I opted not to stop taking the pills, as I'd already put in so much time and I only had a month or so to go. But it pissed me off. And I wondered why he immediately put me on this medicine. I wondered why he never bothered to do any of the things he was supposed to do. The best I could figure, and I admit that this is not giving him the benefit of the doubt, was that he was receiving some kind of kickback from the drug's manufacturer and he was putting his kids through college by prescribing Accutane for anybody he could.

A few years ago, a kid flew a plane into a building in Florida. His family says he was on Accutane. I've seen, in the last year or so, ads on the subway for ambulance-chasing law firms looking for former Accutane-takers to join a class-action lawsuit. And I have to wonder how much of my depression in college was heightened by this shit. Would the zits have gone away without it? Would I have been a little less morose and gotten laid more?

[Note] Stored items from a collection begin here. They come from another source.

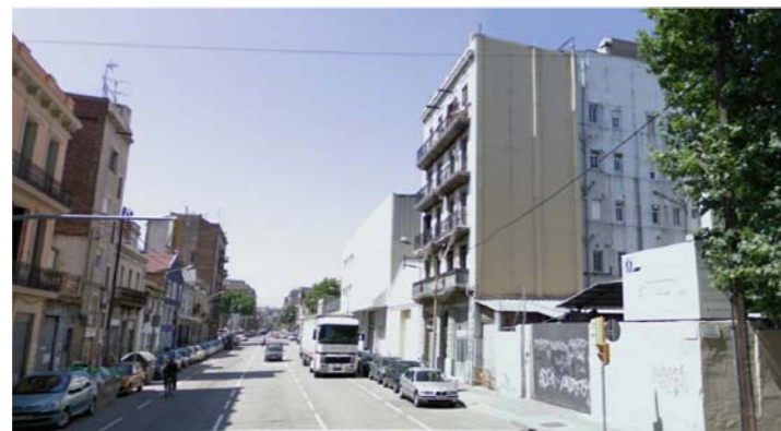
3.- Carrer Pere IV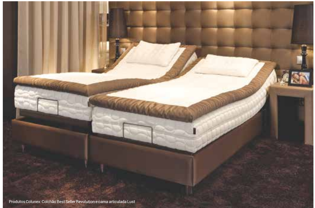
Produtos Colunex: Colchão Best Seller Revolution e cama articulada Lust

A Colunex, empresa orgulhosamente portuguesa, com 28 anos de existência, tornou claro com o seu famoso slogan "Outro sono, outro conforto..." que os seus produtos são distintos pela alta qualidade, elevada durabilidade e design de vanguarda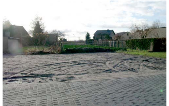
Blick nach Süden von der Straße „Heuberg“ auf das Grundstück „Heuberg 35“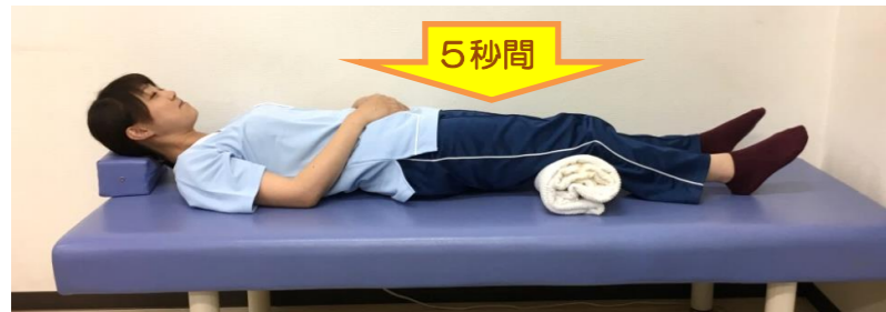
②バスタオルを膝で押して太ももの前面に力を入れる。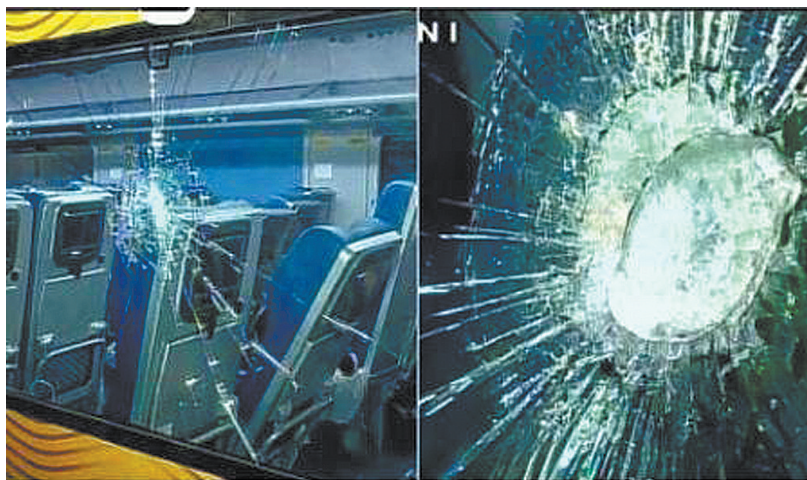
“光辉特快”豪华列车通车仅一周窗户就被打破了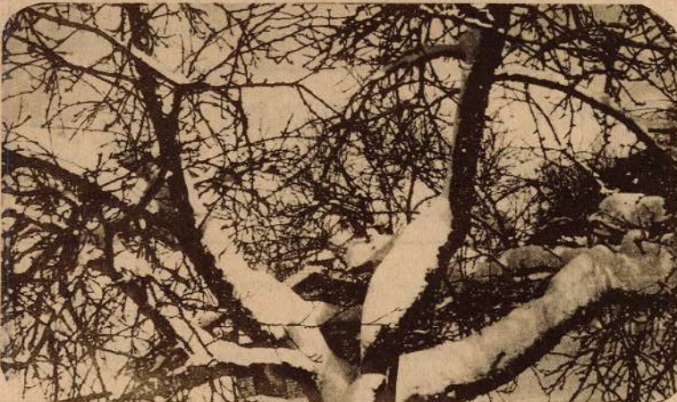
● PALĪEC SVEIKA, ZIEMĀ! UZ REDZĒŠAVOS ATKAL!

kinoamatieru studijas «Kristins» vadītājs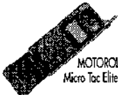
MOTOROLA Micro Tac Elite

This is why, when I see commercials for drugs on television; when I read about drug companies fighting against seniors getting their drugs at a discount from Canada; when I see one miracle drug after another being pulled off the market because it kills people, it reaffirms for me the fact that pharmaceutical companies are evil, evil buckets of bile. Which is why I suggest sick people should just drink some tea.

Comments:
Accutane sounds like the work of the devil. Preying on a young man's fear of rejection. Although rectal bleeding sounds like a pretty sure-fire way of not getting laid. Talk about your college insecurities. Wow. I'd blame the doctor though, not the drug company. Well, maybe the drug company too. and George Bush.
 
I took accutane too! years later I was still finding those little tabs with the figure of the pregnant lady in the corners of the bathroom. But in my case they did screen my liver every month like they were supposed to. maybe your guy wasn't really even licensed to practice dermatology - he was probably an entemologist or somthing and just used wite out and a sharpie to fake a diploma. Look into it.